**COLLECTED DATA**
[Start of section]

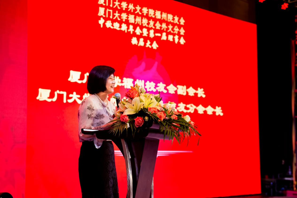 随后,厦大福州校友会副会长兼女校友分会会长林冰上台致辞。受在外出差的厦大福州校友会领导委托,她代表福州校友会祝贺院友会成功换届,祝愿院友会越办越好。
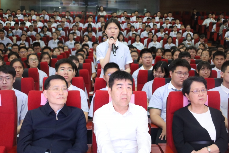 施一公先后介紹了楊振寧、李政道發(fā)現(xiàn)宇稱不守恒規(guī)律和屠呦呦成功提取青蒿素等案例,激發(fā)現(xiàn)場學生對科學探索的興趣:“他們的案例告訴我們,成功的科學家往往敢于質(zhì)疑、敢于嘗試和接受失敗……”
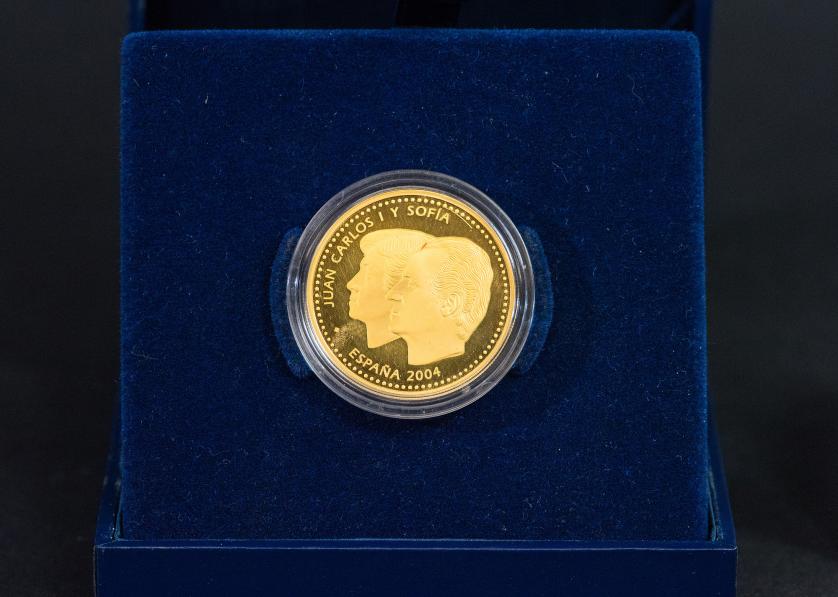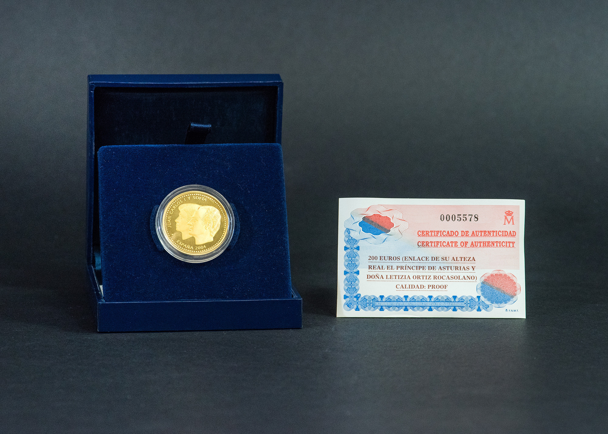 JUAN CARLOS I. Estuche FNMT. Enlace de Felipe y Letizia. 200 euros conmemorativos (AU 13,5 g). 2004. Proof. En su estuche y con certificado.

[End of section]

Everything in the data except the pictures must be transcribed exactly.

**RESPONSE AREA**
 随后,厦大福州校友会副会长兼女校友分会会长林冰上台致辞。受在外出差的厦大福州校友会领导委托,她代表福州校友会祝贺院友会成功换届,祝愿院友会越办越好。
 施一公先后介紹了楊振寧、李政道發(fā)現(xiàn)宇稱不守恒規(guī)律和屠呦呦成功提取青蒿素等案例,激發(fā)現(xiàn)場學生對科學探索的興趣:“他們的案例告訴我們,成功的科學家往往敢于質(zhì)疑、敢于嘗試和接受失敗……”
 JUAN CARLOS I. Estuche FNMT. Enlace de Felipe y Letizia. 200 euros conmemorativos (AU 13,5 g). 2004. Proof. En su estuche y con certificado.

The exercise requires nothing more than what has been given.